Now, and engineer would probably approach the problem through functional equivalence. If the behaviours are the same under all circumstances then we can call that "good enough" and assume that equivalent behaviour indicates equivalent processes. From what you've written so far in this discussion, I'm guessing that you're broadly of that opinion yourself. For my part, I think that's just avoiding the issue.
This is what I meant by "magically self aware clockwork". Any combination of hardware and software can be modelled entirely in software by writing a software emulator for the hardware. It works both ways: any piece of software can be executed entirely in hardware. So whatever the program, there's no reason it can't be recreated in clockwork, along the lines of pre-Babbage calculating machines.
So let's try a thought experiment: suppose you reduce a human mind to software, and then re-implement that software as a clockwork calculator, albeit an extremely large one. Is that collection of cogs conscious in the same way that I know myself to be conscious. And if it is, by what process did that conscious come to reside in all that moving metal? Is there a critical number of cogs after which the machinery becomes capable of apprehending the beauty of a sunset (as opposed to merely recognising it as something humans would find beautiful). Or is that self awareness intrinsic in all clockwork to some lesser degree, such that a clock on a mantelpiece is actively enumerating seconds as they pass, rather than just mechanically moving over time.
And if you're happy with the notion of conscious wristwatches, how do you feel about simpler machines still? Do pulleys and levers also have some dim awareness of their condition? And more to the point, where do you draw the line, short of adopting Animism and declaring that all matter is alive and aware? Because I think that's a notion that many in the AI field would find deeply disturbing.
And then of course you might consider that, at a particle level, the distinction between the clockwork and the building that houses it is more or less arbitrary. Does that mean the building is conscious while the clockwork is running? Maybe we should extend that to the planet, or further still. Is there a line we can draw before we run into some sort of universal consciousness and start debating whether or not it should be labelled "God"?
On the other hand, if that internal subjective experience is not a component of all clockwork, that why does it suddenly arise? And by what mechanism? I think a lot of AI reserchers would very much like to draw a black box at this point, label the issue MAGIC and tell us all to stop asking awkward questions. Personally, I'm no happier with black boxes than you are.
The trouble is that Science is founded on the rigorous elimination of the Subjective. That, to my way of thinking makes it a poor tool for investigating Subjectivity. Science can find the footprints of the subjective world (electrical activity in the brain, behavioural statistics, etc etc) but it can't address the actual subjectivity directly.

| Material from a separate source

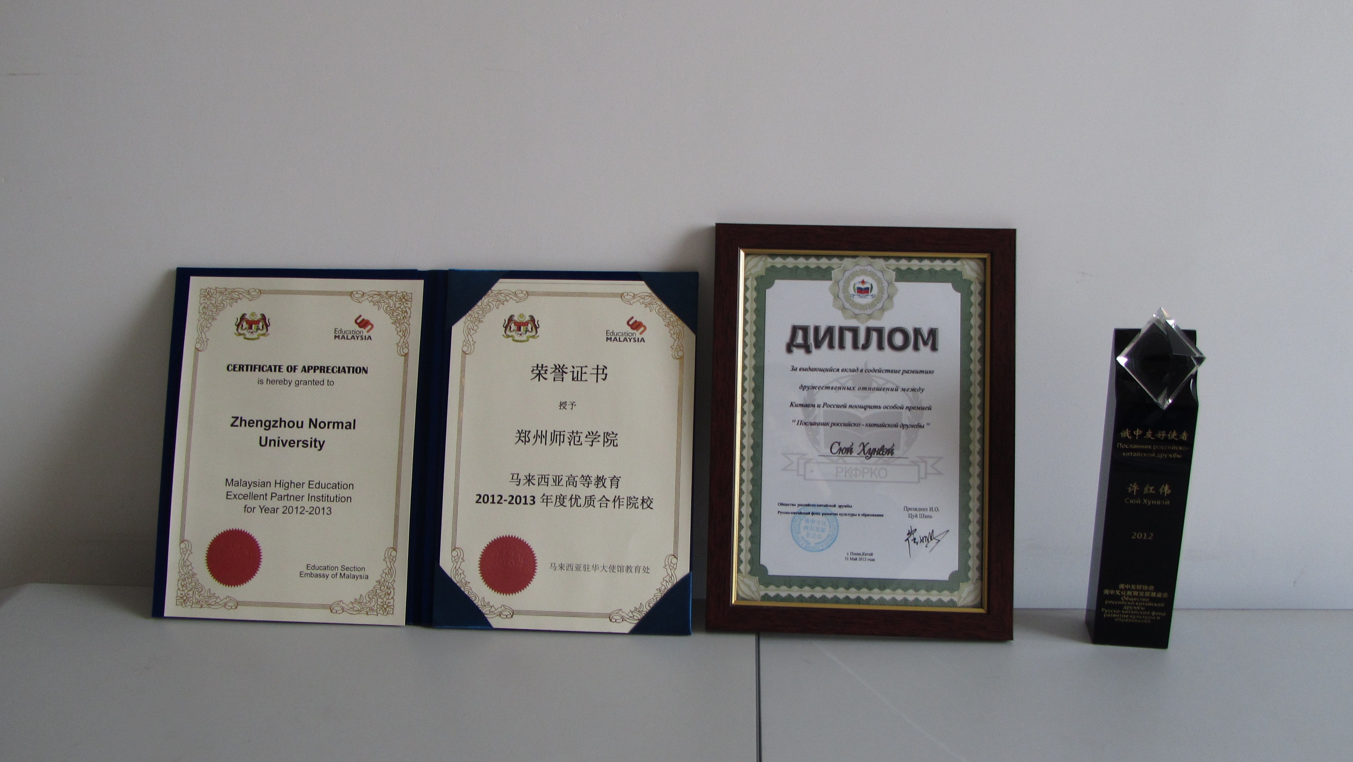 在即将过去的2012年,我校国际合作与交流处在校党委与行政的指导下,经过认真工作,获得了由马来西亚驻华大使管教育处颁发的“马来西亚高等教育2012——2013年度优质合作院校”称号。此次评选是马来西亚大使馆教育处在众多合作院校中遴选出来的,我校能获此殊荣,是马来西亚驻华使馆对我校合作办学能力的认可。

This leads a lot of scientists to dismiss the subjective as unimportant, or worse to deny aspects of its existence. I think that's a mistake - Black Boxery of the worst kind, if you will.
There's a lot more I could write on that subject, but I think I've rambled on for long enough. I suppose it all boils down to two questions: if you emulate me perfectly in software, does my emulation have the same subjective experience as I have in my daily life - or indeed any subjective experience at all? And whether it does or not, how can we possibly be sure? I don't have any answers, only questions.